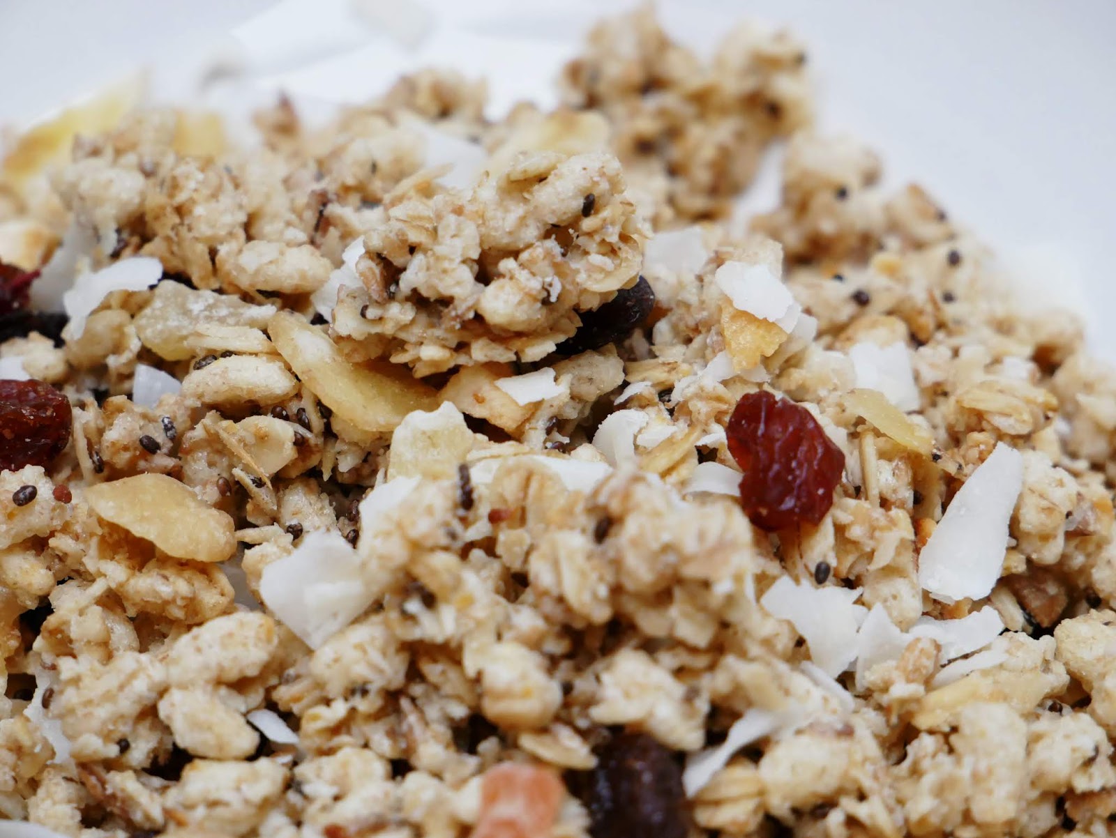 Crunchy z owocami tropikalnymi były dla mnie największym odkryciem. Po ich otworzeniu uniósł się słodki i egzotyczny aromat. W środku rzecz jasna chrupiące płatki i masa różnych dodatków w postaci suszonych i kandyzowanych owoców, a także innych pełnowartościowych dodatków. Znajdziemy w nich się płatki kokosowe, kawałki kandyzowanego ananasa, suszone banany, rodzynki, jabłka, morele, śliwki i papaja. Jest tego bardzo dużo. Nigdy jeszcze nie spotkałam się z płatkami, po brzegi wypełnionymi owocami. Są przepyszne i szczerze mówiąc najczęściej chrupiemy je solo, podczas zabawy i oglądania telewizji. Crunchy z owocami tropikalnymi bardzo nam zasmakowały <3
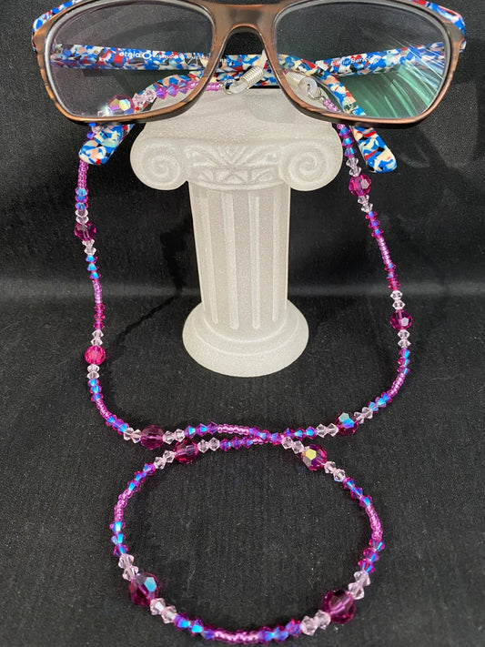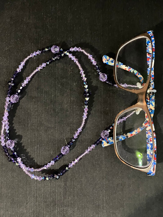 Cristal, cordon à lunettes en cristal, chic, luxe, violet ab, purple velvet ab, mode
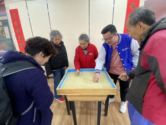 “你们小的时候弹玻璃球是怎么玩的,”问题的抛出扑面而来的是来自不同年代不同地域的规则与玩法,甚至于弹球与击球的方式也不尽相同,对于社工复刻的弹玻璃球的道具设计社区居民在体验玩乐的同时给予真诚的用户感受反馈,“底盘铺置的沙土质地太软”,“球洞的位置设置不合理”,“比赛规则过于复杂”,除此之外,社区居民先后体验了“弹指网球”与“瓶盖冰壶”两个比赛项目设计并对两个服务项目表达了自身体验后的感受与建议,来自于社区居民体验后的真知灼见将会转换为重要的元素出现在服务设计之中。
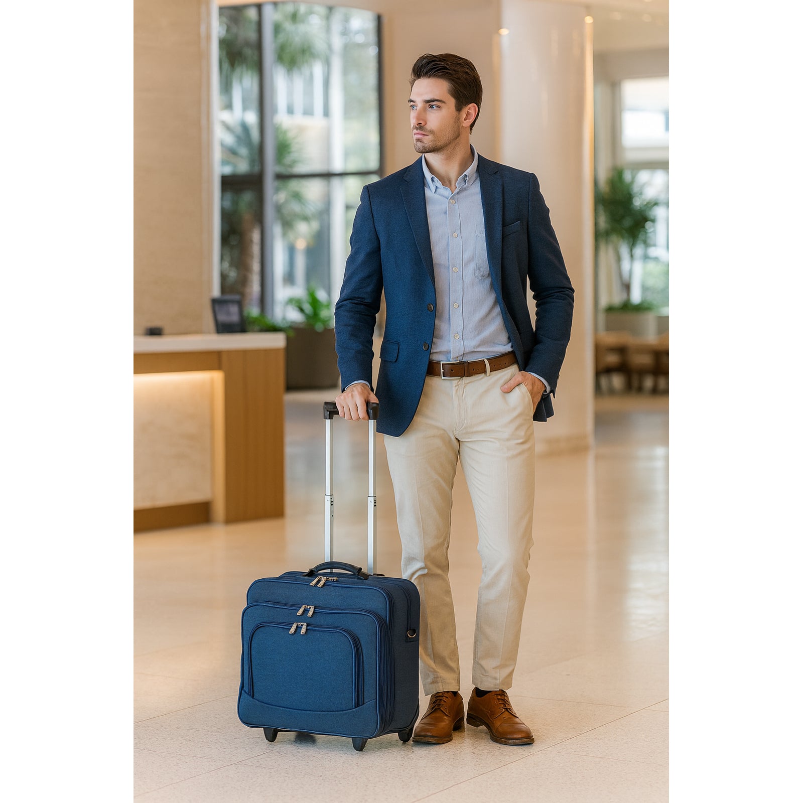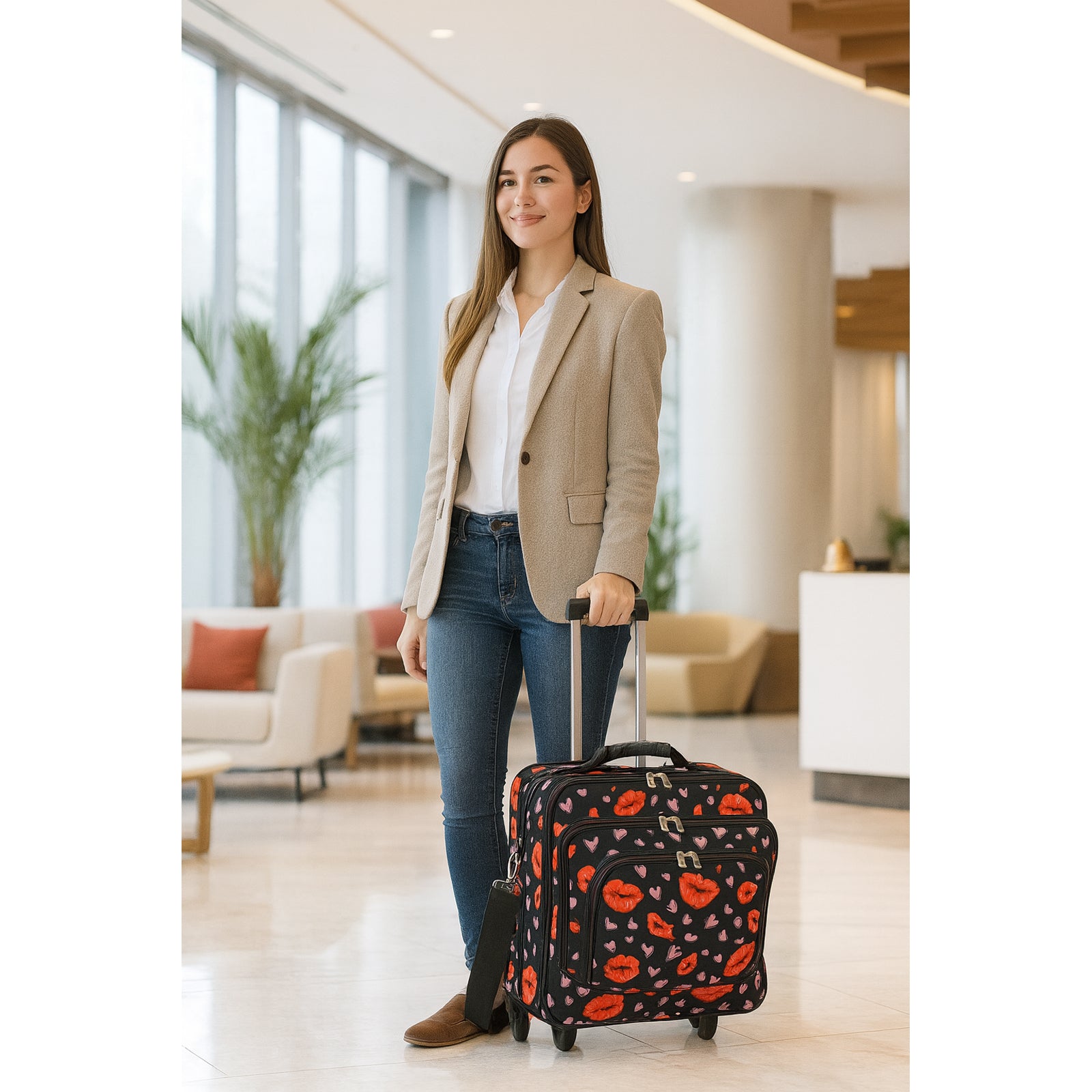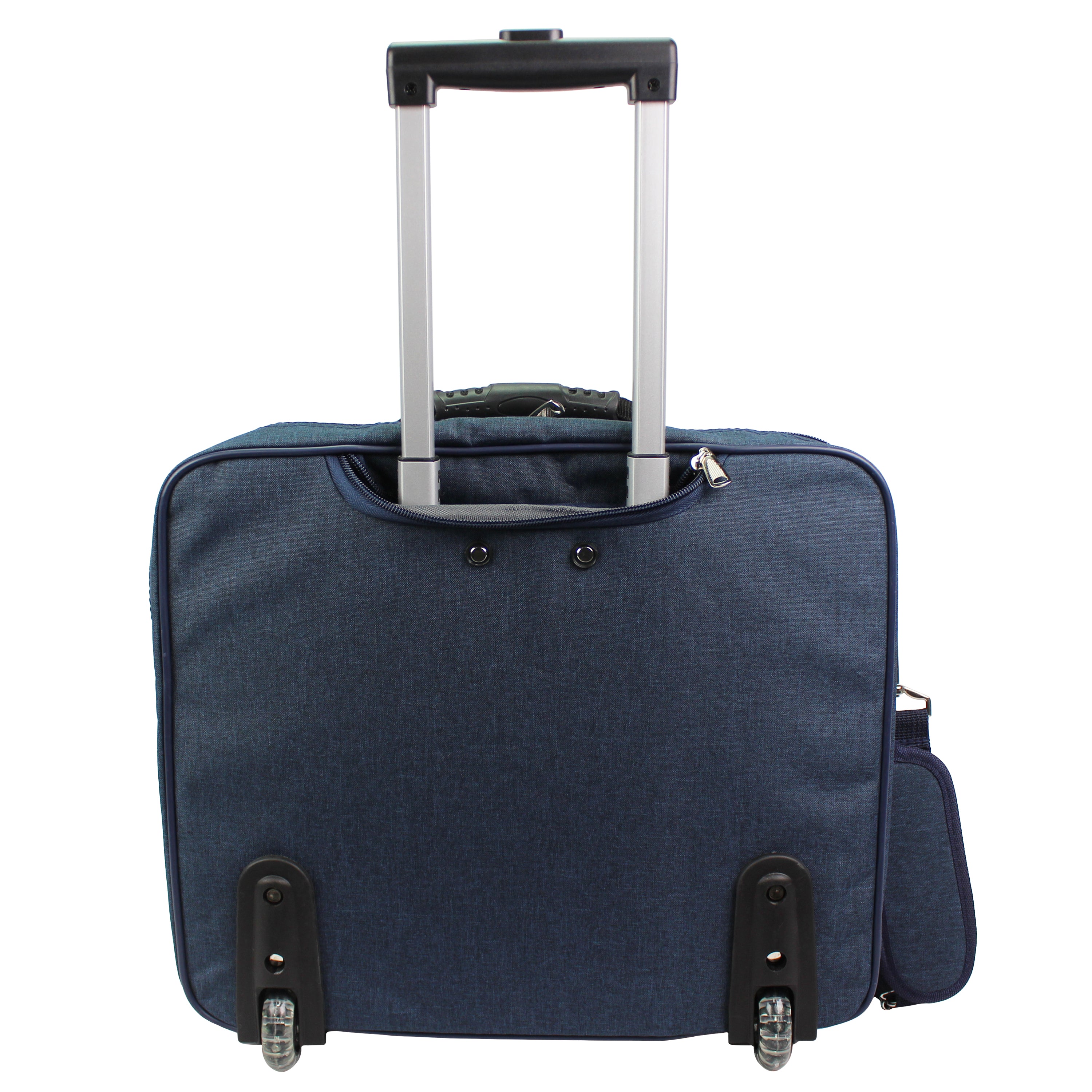 An ideal rolling carry-on computer case with plenty of space for your daily essentials. Clean lines, sophisticated style, fashion colors and exteriors designed to go anywhere you want. This fashion rolling computer case features a dual gusset design and a fully padded main compartment that can fit laptos up to 17-inches. Its exterior features In-line skate wheels, a telescopic handle adjustable and removable shoulder strap, velcro straps to hold laptop in place, and a back compartment with fan file.

^^^^^^^^

__What you are asked to do__
The response is the full listing, copied exactly, with the pictures omitted.

__Finished exercise__
 Crunchy z owocami tropikalnymi były dla mnie największym odkryciem. Po ich otworzeniu uniósł się słodki i egzotyczny aromat. W środku rzecz jasna chrupiące płatki i masa różnych dodatków w postaci suszonych i kandyzowanych owoców, a także innych pełnowartościowych dodatków. Znajdziemy w nich się płatki kokosowe, kawałki kandyzowanego ananasa, suszone banany, rodzynki, jabłka, morele, śliwki i papaja. Jest tego bardzo dużo. Nigdy jeszcze nie spotkałam się z płatkami, po brzegi wypełnionymi owocami. Są przepyszne i szczerze mówiąc najczęściej chrupiemy je solo, podczas zabawy i oglądania telewizji. Crunchy z owocami tropikalnymi bardzo nam zasmakowały <3
 Cristal, cordon à lunettes en cristal, chic, luxe, violet ab, purple velvet ab, mode
 “你们小的时候弹玻璃球是怎么玩的,”问题的抛出扑面而来的是来自不同年代不同地域的规则与玩法,甚至于弹球与击球的方式也不尽相同,对于社工复刻的弹玻璃球的道具设计社区居民在体验玩乐的同时给予真诚的用户感受反馈,“底盘铺置的沙土质地太软”,“球洞的位置设置不合理”,“比赛规则过于复杂”,除此之外,社区居民先后体验了“弹指网球”与“瓶盖冰壶”两个比赛项目设计并对两个服务项目表达了自身体验后的感受与建议,来自于社区居民体验后的真知灼见将会转换为重要的元素出现在服务设计之中。
 An ideal rolling carry-on computer case with plenty of space for your daily essentials. Clean lines, sophisticated style, fashion colors and exteriors designed to go anywhere you want. This fashion rolling computer case features a dual gusset design and a fully padded main compartment that can fit laptos up to 17-inches. Its exterior features In-line skate wheels, a telescopic handle adjustable and removable shoulder strap, velcro straps to hold laptop in place, and a back compartment with fan file.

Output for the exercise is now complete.